The experimental wall temperature trend seen in Figure 2 indicates heat-transfer deteriorations at two locations: one near the entry and the other near the exit at locations where the fluid temperatures are well below the pseudocritical temperature. No deterioration phenomenon is predicted even by the best fitting correlation. Similarly, the smooth drop in wall temperature occurring well before pseudocritical temperature and the sudden peaking of wall temperature at a fluid temperature of 387.6°C just before pseudocritical temperature seen in Figure 3 are not predicted even by the best fitting correlation.

4.2. Experiments of Yamagata et al. (1972) [3]

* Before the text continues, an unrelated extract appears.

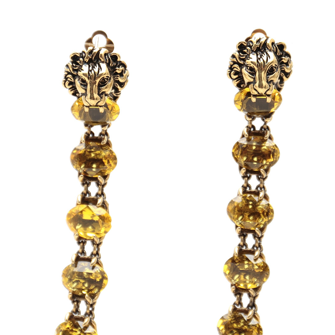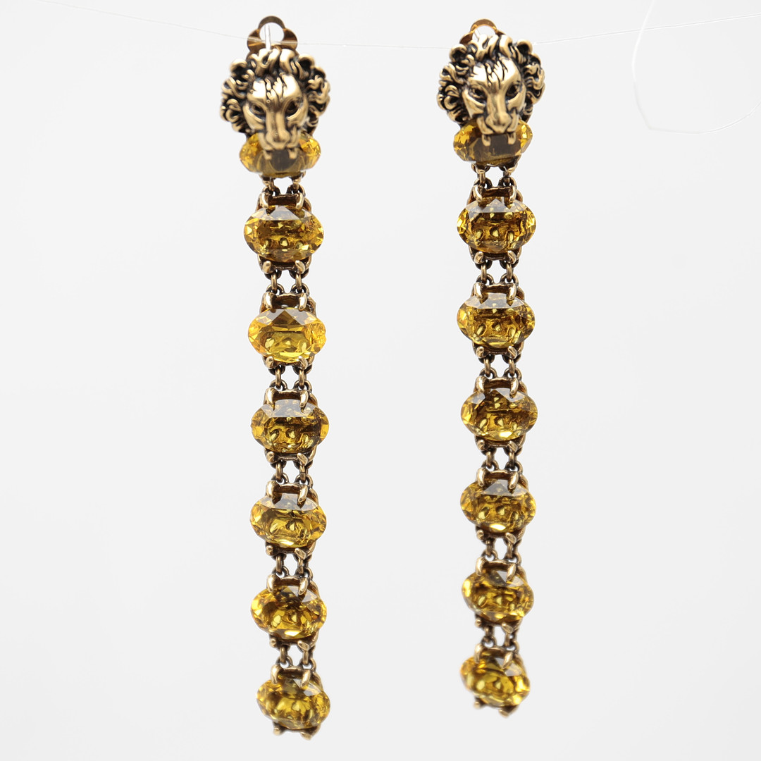 3630093. GUCCI. Lange øreringe med løvehoved.

Figures 4 and 5 display the trends of inner wall temperatures calculated by the best fitting correlations along with reference experimental wall temperatures for two different operating conditions given in [3]. Table 3 details the parameter conditions and the comparative information on the predicted wall temperature of the best fitting correlation with reference to the experimental wall temperature.

Observations of Figure 4 and Table 3 for dataset 1 indicate very good agreement of the best fitting correlation even at pseudocritical temperature. Also, many correlations predict 100% agreement for the first two considerations of % data with <5% error and <10°C error in prediction. Though there is 100% agreement for the best fitting correlation as per the selected criteria for dataset 2, the wall temperature deviation is comparatively larger as seen in Figure 5.

4.3. Lookup Table Data of Loewenberg et al. (2008) [10]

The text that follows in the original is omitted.